Hepatic ABCA1 deficiency results in increased hepatic triglyceride and ANGPTL3 (show ANGPTL3 ELISA Kits) secretion, potentially underlying the elevated plasma triglyceride levels in Tangier disease patients.
ABCA1-derived nascent high-density lipoprotein-apolipoprotein AI (show APOA1 ELISA Kits) and lipids metabolically segregate.
Hepatic free cholesterol content was significantly increased in NASH (show SAMSN1 ELISA Kits) as compared to non-NASH (show SAMSN1 ELISA Kits) subjects, while ABCA1 and ABCG1 (show ABCG1 ELISA Kits) protein levels significantly decreased with NASH (show SAMSN1 ELISA Kits) and fibrosis progression. The relative expression of miR (show MLXIP ELISA Kits)-33a and miR (show MLXIP ELISA Kits)-144 correlated inversely with ABCA1 but not with ABCG1 (show ABCG1 ELISA Kits) protein levels. miR (show MLXIP ELISA Kits)-33a/144 and their target gene ABCA1 may contribute to the pathogenesis of NASH (show SAMSN1 ELISA Kits) in morbidly obese subjects.
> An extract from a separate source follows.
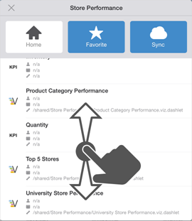 On iOS, the Dashboard Info screen lists the reports and KPIs that are on the dashboard. Scroll to see more.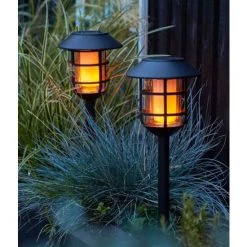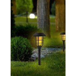 Die Solarleuchte FANO ist ein praktisches Dreier-Set zum Beleuchten von Wegen und Pfaden auf Ihrem Grundstück oder um eine akzentreiche Beleuchtung in Ihrem Außenbereich zu setzen. Das klassiche Design der Laternen lässt sich in jeglichen Außenbereich integrieren und dient in jedem Fall als funktionaler sowie stimmungsvoller Lichtspender. Mittels integrierten Erdspieß lassen sich die Solarlampen besonders unkompliziert in den Boden stecken und jederzeit Umplatzieren um eine optimale Beleuchtung zu erreichen. Jede Kunststoff-Laterne verfügt über ein LED-Leuchtelement mit Flackereffekt, wodurch der Eindruck entsteht, dass im Inneren des Gehäuses tatsächlich eine kleine Flamme wie bei einer Fackel lodert. Dank Solarmodulen und wiederaufladbarer Batterien versorgen sich die Leuchten selbst mit Strom und sind daher nicht auf externe Stromquellen angewiesen.

Understanding the relationship between cholesterol and inflammation in the lung, and the role that ABC (show ABCB6 ELISA Kits) transporters play in this may illuminate new pathways to target for the treatment of inflammatory lung diseases
ABCA1 was mainly located on trophoblast membranes. Decreased ABCA1 expression in trophoblasts reduced the cholesterol efflux of trophoblasts (P < 0.01). while increased ABCA1 expression in trophoblasts reduced the cholesterol efflux of trophoblasts (P < 0.05). ABCA1 was uniformly expressed on the cell membrane, cytoplasm, and nucleus of macrophages.
AMPK (show PRKAA1 ELISA Kits) activates LXRalpha (show NR1H3 ELISA Kits) and ABCA1 expression in human macrophages
Microparticles are lipoprotein-sized structures created by the ABCA1 transporter, and contribute approximately 30% of ABCA1-and apoA-I (show APOA1 ELISA Kits) mediated cholesterol efflux. MPs release from cells consists, in part, of exosomes and depends on the same pathway used for HDL (show HSD11B1 ELISA Kits) biogenesis.
there is an NFATc1 (show NFATC1 ELISA Kits)/ABCA1-dependent mechanism in which local TNF (show TNF ELISA Kits) is sufficient to cause free cholesterol-dependent podocyte injury irrespective of TNF (show TNF ELISA Kits), TNFR1 (show TNFRSF1A ELISA Kits), or TNFR2 (show TNFRSF1B ELISA Kits) serum levels
Reduced platelet count, but no major platelet function abnormalities, are associated with loss-of-function ATP-binding cassette-1 gene mutations.
our results highlight the importance of the LXR (show NR1H3 ELISA Kits)/ABCA1 system in brain pericytes and suggest a new role for these cells in brain cholesterol homeostasis.
The expression and distribution of the bovine ABCA1 transporter using quantitative PCR and the sequencing of the entire ABCA1 coding region, including the proximal promoter region, are reported.
Aortic endothelial cells transcytose high-density lipoproteins by mechanisms that involve either SR-BI (show SCARB1 ELISA Kits) or ABCG1 (show ABCG1 ELISA Kits) but not ABCA1.
ABCA1 promoter variants affect transcription activity and plasma HDL (show HSD11B1 ELISA Kits) level in pigs
ABCA1 was up-regulated in monocytes of hypercholesterolemic pigs via oxidized-LDL and prior to development coronary atherosclerosis.
Both region-specific and ubiquitous (ABCA1) phenotype changes were identified as early prelesional responses of the endothelium to hypercholesterolemia
CSL112 elevation of ABCA1-dependent efflux may target atherosclerotic plaque for cholesterol removal.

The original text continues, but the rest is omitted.